Alexandria Smith | |
Birth Place: | Bronx, New York, U.S. |
Nationality: | American |
Alma Mater: | Parsons The New School for Design |
Known For: | Contemporary Art |
Website: | www.alexandriasmith.com |
Alexandria Smith is an American mixed-media visual artist based in London and New York City. She is currently the head of painting at the Royal College of Art.[1]
Smith was a co-organizer of the collective Black Women Artists for Black Lives Matter from 2016 to 2017.[2] The collective, which consists of more than 100 black women artists, held a public event at the New Museum in NYC in 2016.[3] Smith was quoted as saying, "I was in the company of women who wanted to use their gifts to instigate change, to let our humanity be seen and heard despite what others may believe. I know our work is not done and that this collective will continue to bring about healing and work against the grain in other iterations at other institutions. I look forward to continuing to help carry that torch. Black Women Artists for Black Lives Matter has re-instilled in me a belief in our abilities as Black women artists to be nurturing, compassionate, genuine, and powerful by any means necessary."[4]
Smith earned her BFA in Illustration from Syracuse University, her MA in Art Education from New York University[5] and an MFA in Fine Arts from Parsons The New School for Design.[6]

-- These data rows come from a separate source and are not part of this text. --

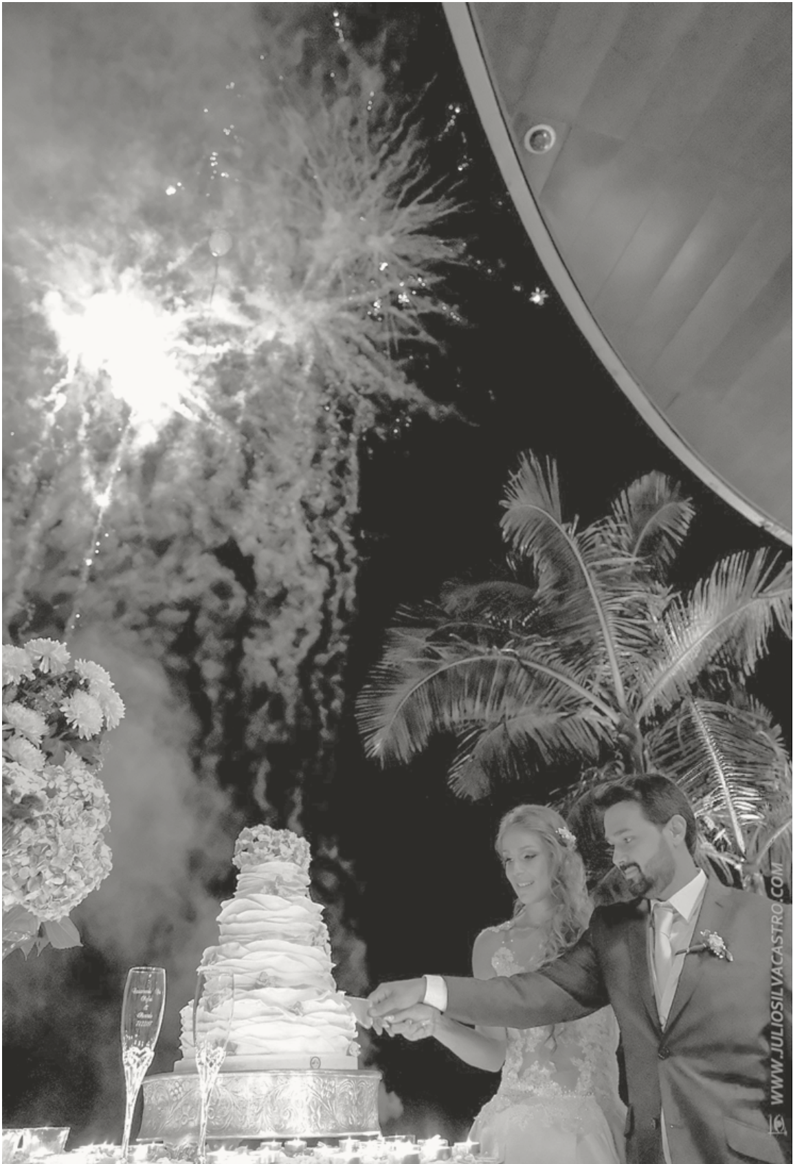
Pestana Casino Park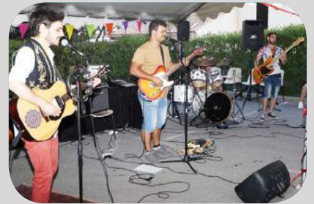
Concert du groupe "Natural Jam"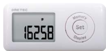
ミント H-231WT : 013641

※10歩以上の連続的な歩行のみをカウントします 意匠登録番号 第1575178号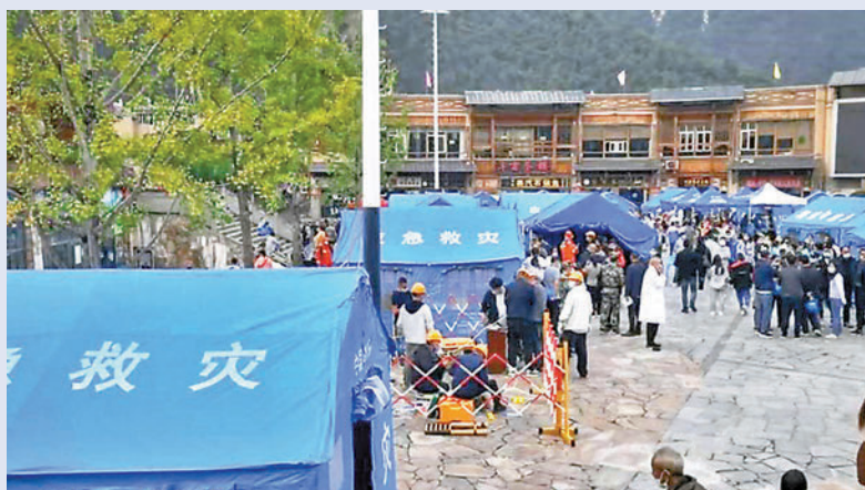
◆磨西鎮部分房屋受損，進出磨西鎮的幾條道路已全部中斷，旁邊山體不時有土石滑落。圖為磨西鎮廣場建立的防震棚。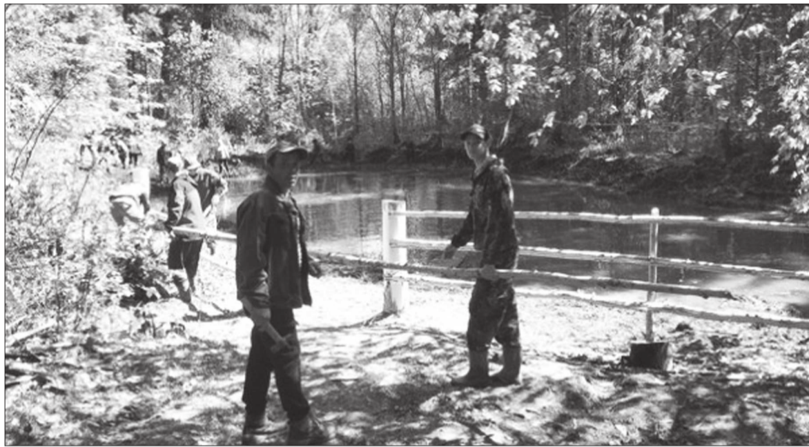
Жители деревни Бикбай чистят любимое озеро сообща

Изначально деревня называлась Крымсараево, а основателем ее значился Бикбай Крымсараев. Местные историки считают, что все населенные пункты по реке Ирени пошли именно от них.

Throughout her career, Smith has had solo exhibitions at the Queens Museum,[7] Boston University's Stone Gallery,[8] and The Union for Contemporary Art in Omaha, NE.[9] Monuments To An Effigy, Smith's 2019 exhibition at the Queens Museum, focused on the Old Town of Flushing Burial Ground, which was a cemetery for African Americans and Native Americans during the 1800s and paved over by the Park Department in the 1930s.[10] Smith's project centered on remembering the women buried at this site through music, poetry and installation, as only four graves were marked, and all of them men.[11] Try a Little Tenderness, Smith's 2017 exhibition at The Union, consisted of paintings about Black Identity and the female body.
Smith has an upcoming solo exhibition and site-specific commission for July 2021 titled Memoirs of a Ghost Girlhood: a Black Girl’s Window at the Courier Museum (Manchester, New Hampshire).[6]